Re-Orientation

A sneeze or mortal threat?

In the preface to his last and perhaps most significant work, Andre Gunder-Frank cited what he called “Fairbank’s Rule No. 2”: “Never try to begin at the beginning. Historical research progresses backward not forward… Let the problems take you back.” ((Andre Gunder-Frank, ReOrient: Global Economy in the Asian Age, University of California Press, July 31, 1998.)) My mother was a forensic photographer. One of her less appetizing assignments was for the record of corpses returned from Jonestown, Guyana, after what has since been billed as a mass suicide by a bizarre religious sect led by an American named Jones. ((Since the Jonestown incident significant indications point to the “sect” actually having been a cover for offshore pharmaceutical experiments, in particular precursors to Prozac. Jones appears to have been a CIA asset connected to the infamous Dan Mitrione. Both came from the same town and apparently had contact while Mitrione was in Brazil. Shortly after this incident CIA director GHW Bush joined the Ely Lilly board. Lilly had also been an LSD supplier. In short, human experiments offshore not only serve putative defense purposes but help the drug industry.)) My arguments in these pages have implicitly followed that rule and perhaps derive from that inclination to the historical that all forensics involves.

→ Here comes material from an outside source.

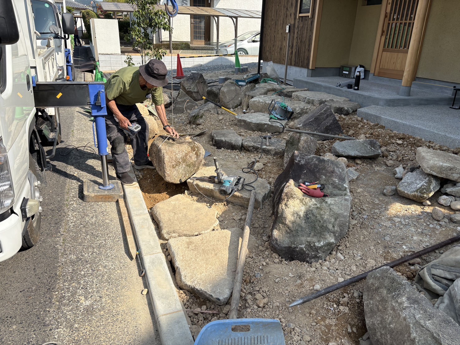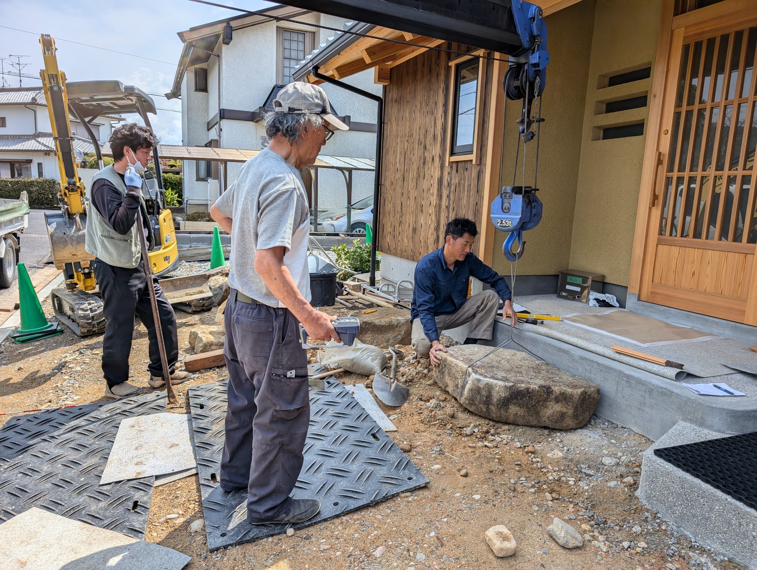 とても静かな場所で近所から鶯の鳴き声を聞きながら作業できるのどかな場所での作業でした。お若いご夫婦の施主様ですが昔ながらの石組や庭園を好まれ「大きい石をふんだんに使って欲しい」とのご要望をいただきました。現代では時世庭園を解体してほしいという依頼が多い中。石を活かすお庭ということで私どもも力が入ったお庭造りとなりました。社長の父も現場に立ち、長年培ってきた石組の技を発揮いたしました。その過程は私たち社員にとっても貴重な学びの場となりました。
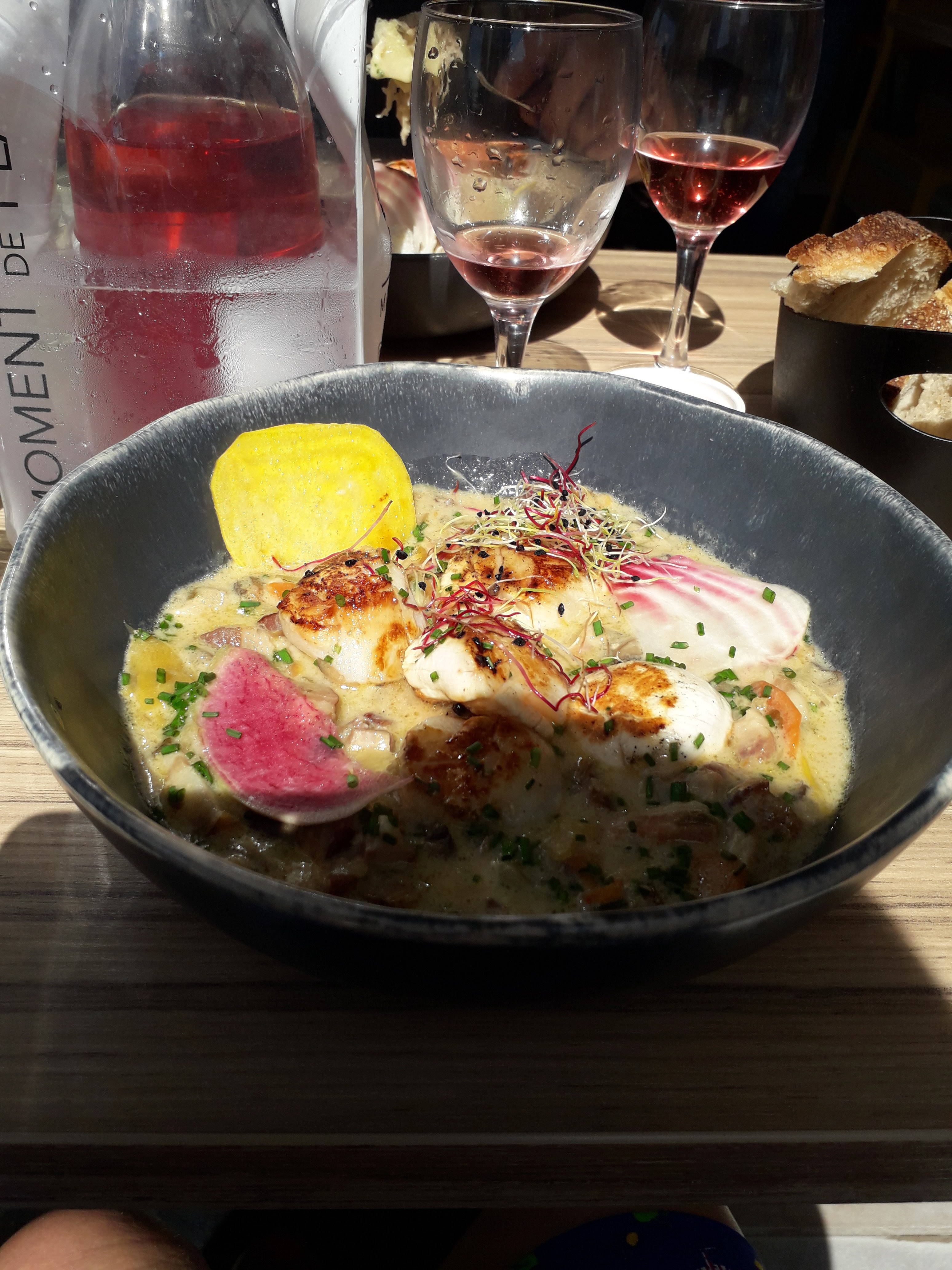 Déçu des moules la parenthèse 3 rondelles de carottes un lardon et 3 morceaux de champignons pas où très peu de crème fraîche pour 18 euros... Sinon le premier serveur très gentil mais la serveuse qui a suivis le service très froide... Du coup nous avons pas pris de desserts.

I have already argued in previous essays that the ruling elite in the West — let us call them the owners of NATO for simplicity — by virtue of their education and indoctrination possess a degree of consistency and determination which is not generally shared among the bulk of the far less organised population. Wealth and power permit not only an exercise of the will but a formation of interests which are far more focussed and of longer duration than the desires of ordinary people who are managed by advertising or police. If we continue to assume that the ruling elite has a rationality that is coherent with that of the broad mass, the majority of the population, we deny ourselves the vantage point needed to understand events through the past.

Of course, it is easy to get lost in debate as to the constitution of the ruling elite, to attempt to disaggregate groups and interests to show — as normative political scientists and sociologists do — that concerted behaviour is ultimately short-lived or impossible because of intra-elite competition. This is part of the same theoretical apparatus used to justify the current economics ideology — marginalism. With the nominal end of the Western chattel slavery regime, the ideology of white supremacy upon which it became based was modified. That was the real intellectual accomplishment of what was later called in the US the “Progressive Era”. Progressivism became the dominant Western ideology by the end of World War I and the military-industrial complex became the standard bearer of that ideology. It remains the ideology of what passes for “Left” in the US and has always been the underlying philosophy of liberalism. Hence when all debate transcripts are read and/ or burned it is the progressive consensus that maintains Western empire, led by the Atlantic alliance. Progressivism is embedded in modern mass media and its particular form of communication — one which is ultimately military and not democratic in nature (unless one means the form of democracy tied to the slavery system).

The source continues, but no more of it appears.